# Nevertheless killifish!



## Arthur7

Hi,
It looks as though I were a little bit crazy. It can be. 
After the last thread I come to you again with a killifish. 
If also has almost no interest in it. But everyone has started after he has looked at other fish. Then came the enthusiasm. 
Please look at this fish still on.





I know him as Aphyosemion liberiense, but the names have been changed. Aphyosemion liberiensis Rachow 1924, then Scriptaphyosemion liberiense (Boulenger 1908). (Is still valid). Is not he beautiful? 

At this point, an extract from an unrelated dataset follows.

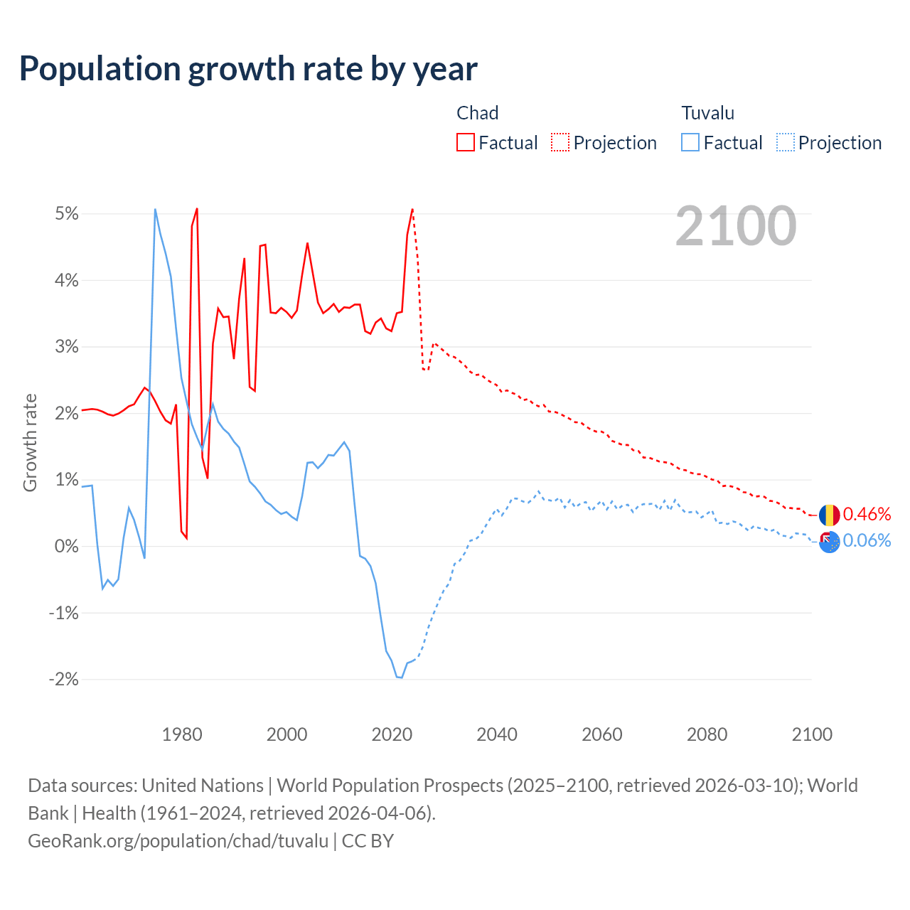 - For the last 10 years, Chad has had an average growth rate of +3.65% per year vs -1.19% in Tuvalu.

Here I have tried to get the display behavior of the males into the picture. This is something I like doing, even if doing small mistakes happen (lens ring). Excuse the please! 
Well, I'll see what happens. It does not matter. 

Have a nice day.


----------



## Jet

Those are lovely fish. I only have kept the blue gularis. Hope to branch out to more species in the future.


----------



## coralbandit

Another beautiful killie!Thanks Arthur.


----------



## Arthur7

The Blue gularis. That's interesting. How did it because with fish keeping. I send you a picture for comparison.



Is it the same?


----------



## Jet

Arthur7 said:


> The Blue gularis. That's interesting. How did it because with fish keeping. I send you a picture for comparison.
> 
> 
> 
> 
> 
> Is it the same?


Yes I believe so. Mine are more yellow coloured around the belly/flanks, but I'd expect colour to vary. I haven't posted any pics of any of my tanks here yet, call me lazy, but I will take some soon and post some of my killies. Beautiful fish again, BTW.


----------



## majerah1

Beautiful! It has been some time since we had someone wanting to share pictures of Killie fish.


----------



## Arthur7

for Jet
Yes, he is. The colors may vary. The names have been changed several times. Fundulus sjoestedti; Blue gularis; Fundulopanchax sjoestedti; Aphyosemion coeruleum; Aphyosemion sjoestedti (to my knowledge valid). I have grown it for several years. He's big, 4-5 inches but not aggressive. If desired, I can say more.
I'm curious about the pictures.


----------



## Arthur7

Jet said:


> Yes I believe so. Mine are more yellow coloured around the belly/flanks, but I'd expect colour to vary. I haven't posted any pics of any of my tanks here yet, call me lazy, but I will take some soon and post some of my killies. Beautiful fish again, BTW.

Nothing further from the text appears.